I just got an Antec Nine Hundred series case, which has 4 groovy fans in it, but all of them use a 4pin molex power adapter. 

I looked around on newegg and didn't see any sort of adapter cable ... I want these to plug into my motherboard sysfan ports so that I can see their RPM and control their speed. Is this possible?

Also, is there a fan controller that accepts molex connections?


----------



## gcavan (Aug 13, 2009)

MaestroDT said:


> I just got an Antec Nine Hundred series case, which has 4 groovy fans in it, but all of them use a 4pin molex power adapter.
> 
> I looked around on newegg and didn't see any sort of adapter cable ... I want these to plug into my motherboard sysfan ports so that I can see their RPM and control their speed. Is this possible?
> 
> Also, is there a fan controller that accepts molex connections?


If these are the Antec Tri-Cool fans, then you will not be able to use your motherboard's fan control. They should each have a tiny three position switch attached to them.


----------



## MaestroDT (Oct 4, 2009)

Darn!
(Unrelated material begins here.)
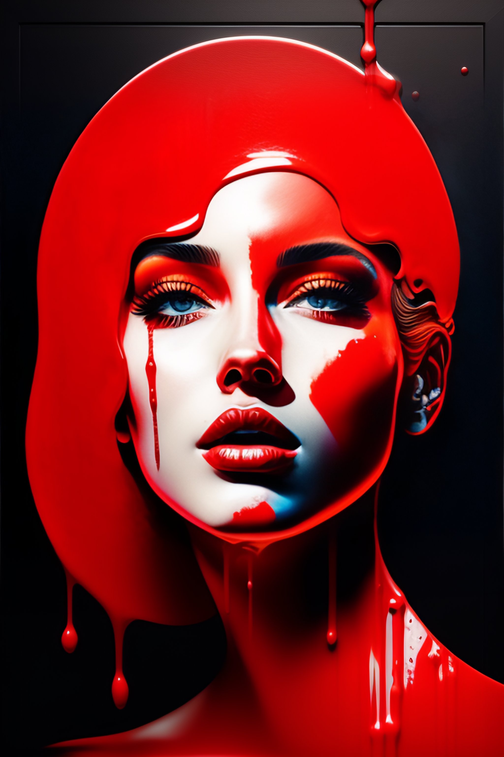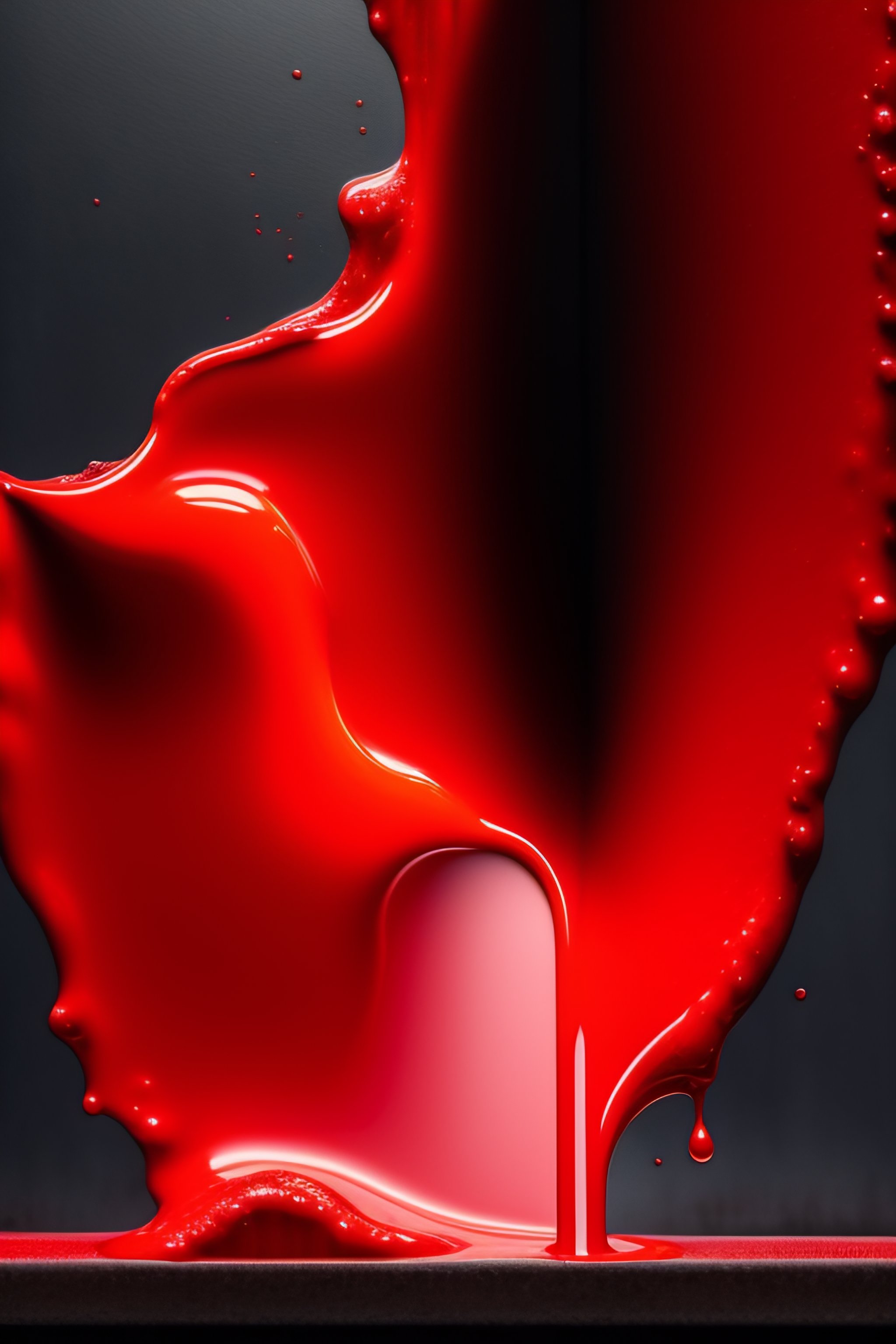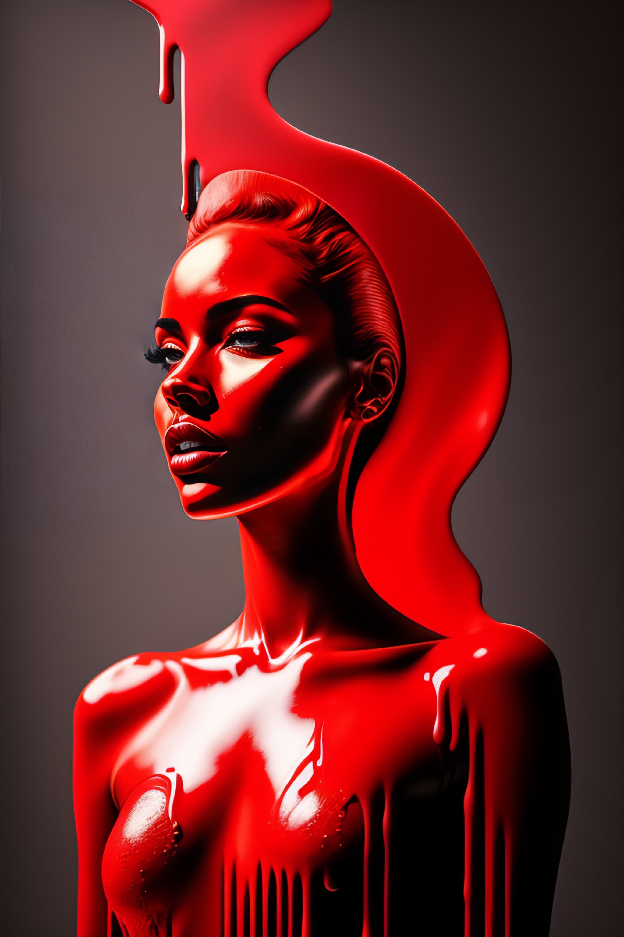 Abstract dripping red paint, the shape of a female human, realistic, high detail, on concrete background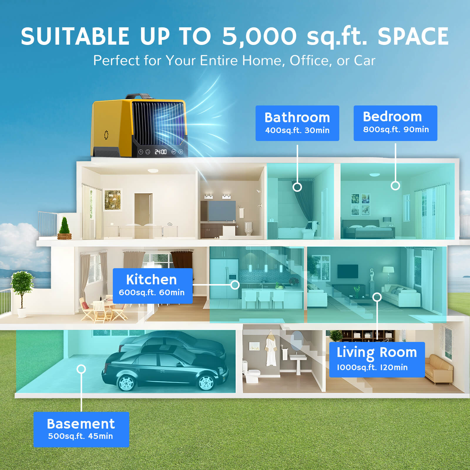 - High Ozone Output: Disinfects air and removes odors, smoke, and pollutants, ideal for large spaces

They are the Antec fans with the 3 pos switches... I don't care so much about controlling their speed from the mobo, but I still want them plugged in to monitor their speeds and set up an alarm in case they go out. Is that possible or no?

Is there another type of fan that's better? I mean, these fans seems to move a decent amount of air and they're really quiet (except on high) plus they have blue LEDs so I dig em.


----------